JF leading at Puerto Morelos Mex Dance Camp
One of the most incredible experiences that I have ever had in my life I believe I owe to the Dances. I was on pilgrimage to Turkey with Dr. Omid Safi, director of the Duke Center for Islamic Studies who had been one of the visiting professors at my seminary, The Iliff School of Theology in Denver. En route to Rumi’s dargah in Konya, we visited a Sufi community that was engaged in a practice of 99 days of continuous whirling, with each day devoted to a different divine name of God. We were invited into the sacred sanctuary of the community and took our seats on the outside of the circle as the musicians were singing/playing zikr and people were whirling. Because of my years of experience with the Dances and Sufism I was very familiar with all of the phrases that were being sung and so amidst my group of 20 or so American students, I sat with my eyes closed and sang from my heart the sacred phrases and performed the movements. To my great surprise, I was tapped on the shoulder and invited to whirl in the center. I do not consider myself a good whirler as I oftentimes get dizzy and after some hesitation and feelings of embarrassment, I whirled in the company of some of the most beautiful and sincere hearts and it was one of the most transformative experiences of my life. Ya Shakur!


PLM: This retreat is organized in an unusual fashion with Morgan selecting emerging dance leaders to co-create the retreat around a theme and inviting other dance leaders and musicians to contribute to the vision. What excites you to participate in this retreat as one of the curators?
JF at Wilderness Dance Camp

JF: There are many reasons that I feel drawn to this retreat and am honored and pleased to serve on the leadership team. I am very excited to work with the Elemental theme as I feel very connected to Mother Earth and the Divine Love of the Universe. I feel the energy of the elements moving through my life and so I’m interested in focusing my own energies and intentions in this way. I have also spent many years in leadership at the national level of DUP and focused on engagement of youth and young adults in the Dances to nurture the legacy and sustainability of the tradition. I resonate with Morgan’s invitation to leadership of Dance leaders from the age group of the ‘Bridge Generation’ which is the age group between the baby boomers and the millennials because I think one of the ways that we (collectively as a community) can help keep our tradition alive is to nurture leadership from each generation and the ‘Bridgers’ (myself, Conie and Saleem) are in a unique position to play a role in the transmission of wisdom within our community since we have deep ties to both at either end of the spectrum, so to speak. I see Morgan’s invitation as an affirmation of the importance of fostering strong leadership within this generation.

I also feel connected to the Midwest, having been born and raised in Illinois so it feels comfortable for me to come “back home.”



PLM: Each curator has selected an element and will be holding intention and vision for it during the retreat. Which element have you selected and what are you looking forward to sharing?  

Singing at the Parliament of World Religions
Salt Lake City, UT
JF: I am very strongly connected to the Earth element by my very nature.
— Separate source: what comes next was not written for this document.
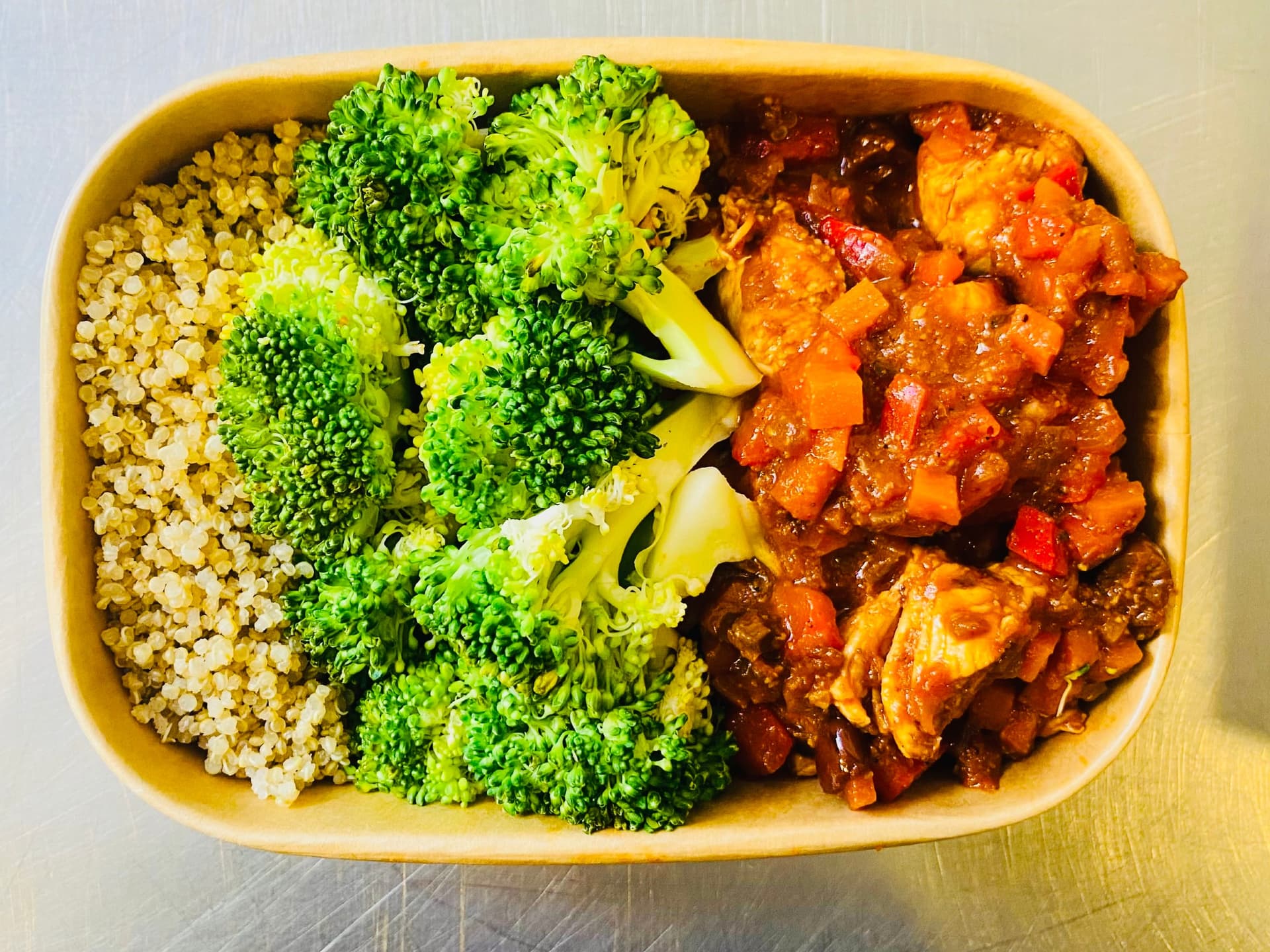 Succulent chicken breast cooked in a rich tomato sauce with red capsicum and black olives, served with a side of fluffy quinoa and steamed broccoli.

The Earth has always been my home energy, so to speak, and it’s quite common that I am invited to assist with grounding practices in many of the communities that I’m a part of. However, the last few years I have found myself becoming more attuned to the winged ones and have been practicing the feather way in my personal spiritual life. With this retreat invitation, I am curious to explore and live into my developing connection with the Air element. I am hoping to learn how to embody and alchemize a new way of Being; blending the Air qualities of freedom and inspiration which are really new to me with the rooted, strong grounding qualities of Earth which I feel so comfortable and at home in.